The chart references as a source data presented in this (see scone chart) http://trueeconomics.blogspot.ie/2015/03/5315-troika-tale-of-irish-debt.html but adjusted to reflect RBS estimates. which pushes McKinsey point for China horizontally to the levels close to Greece.
As someone else pointed out, nominal GDP growth in China is apparently now lower than interest on debt.
Meanwhile number of stock market accounts has gone exponential in recent days - using borrowed money (Chinese residents borrowed over Yuan 1 trillion or Euro150 billion worth of cash to pump into stock markets):
Economy is clearly slowing down in China, with conflicting reports and estimates of 1Q 2015 growth suggesting possible contraction in the real economy and domestic demand. (See http://www.irishtimes.com/business/economy/china-equity-markets-boom-while-economic-growth-stutters-1.2182547).

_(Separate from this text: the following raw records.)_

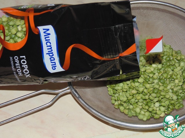 Зеленый колотый горох "Орегон" ТМ Мистраль промыть, залить холодной водой, поставить на огонь, довести до кипения, убавить газ и варить на медленном огне.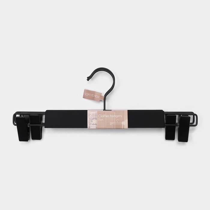 Вешалки для брюк и юбок LaDо́m Soft-touch, 32,5×13 см, 2 шт, с зажимами, цвет чёрный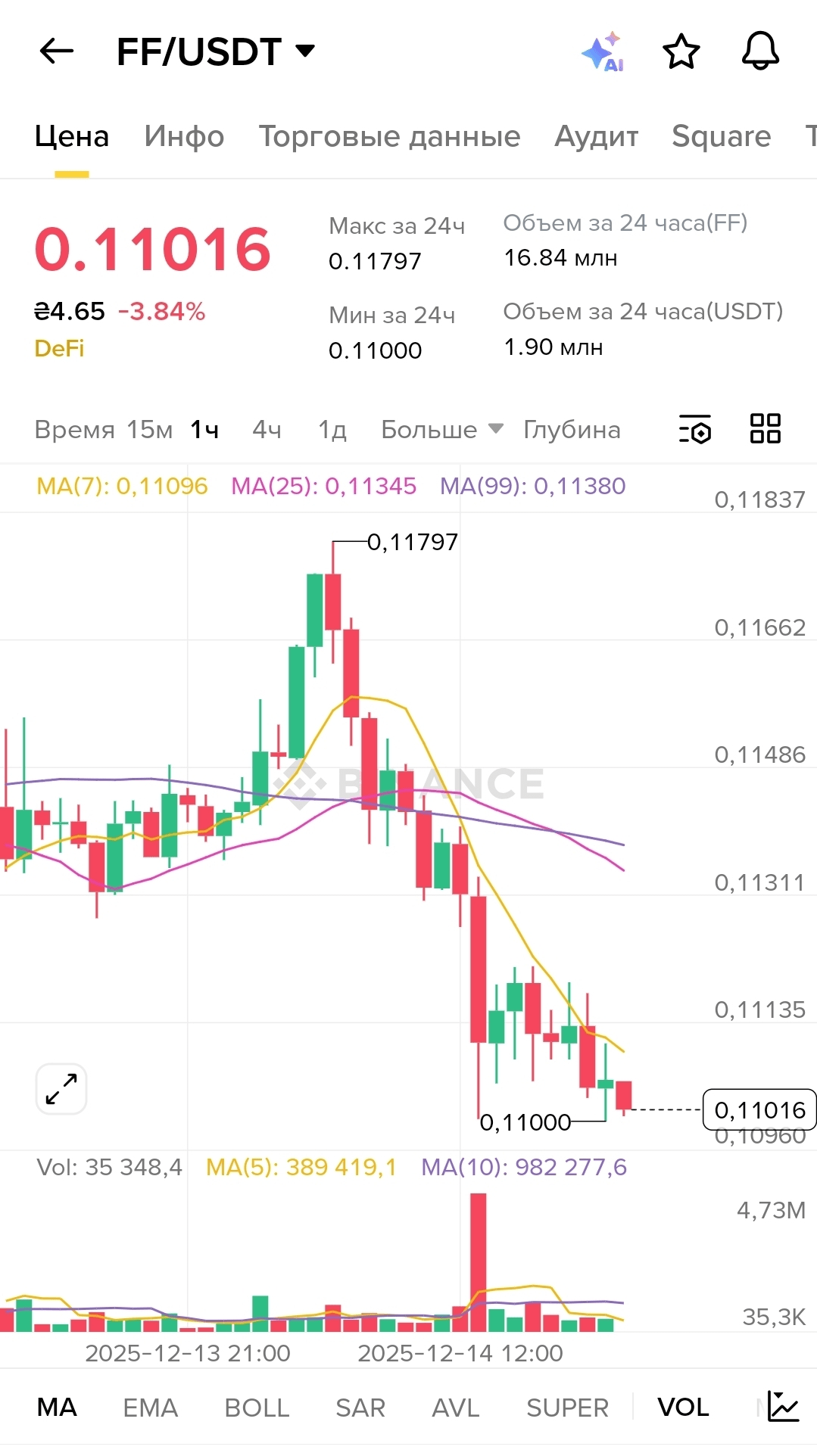 Look at the chart — MA(7) at 0.11096, MA(25) — 0.11345, MA(99) — 0.11380. The short-term average is significantly below the long-term ones, indicating a downtrend. If you practice DCA and buy the asset regularly, such dips are a gift because you are averaging the entry price. And thanks to USDf, you can do this without touching your main savings in crypto.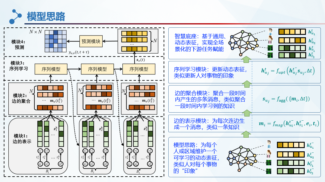 项目介绍:该作品围绕智慧交通系统,针对现有方法中所存在的“单模型-单任务”和静态表征两个问题,提出基于通用动态图表示学习的交通流预测方法,相关研究成果发表于CCF-A类国际顶级学术会议IJCAI和AAAI。该方法类似于BERT, ChatGPT等大规模预训练模型,可以通过自监督学习构建交通站点的通用、动态表征,进而赋能多重下游预测任务,符合当下人工智能领域的发展趋势。研究过程中,已经在北京地铁、纽约出租车等大规模真实数据进行了验证,探索了在实际场景中的适用性。

At the top of debt chain are local authorities: latest official data shows borrowings by the local authorities were up by almost 50% since the start of H2 2013 to c. 16 trillion yuan. Local authorities debt growth accounts for a quarter of changes in overall domestic debt since 2008. Recently, the IMF warned China that the country overall economic debt is expanding at a faster pace than debt in Japan, South Korea and the U.S. grew before the onset of the Global Financial Crisis.
My view: when this pile of Chinese debt blows, things will get spectacularly ugly, globally.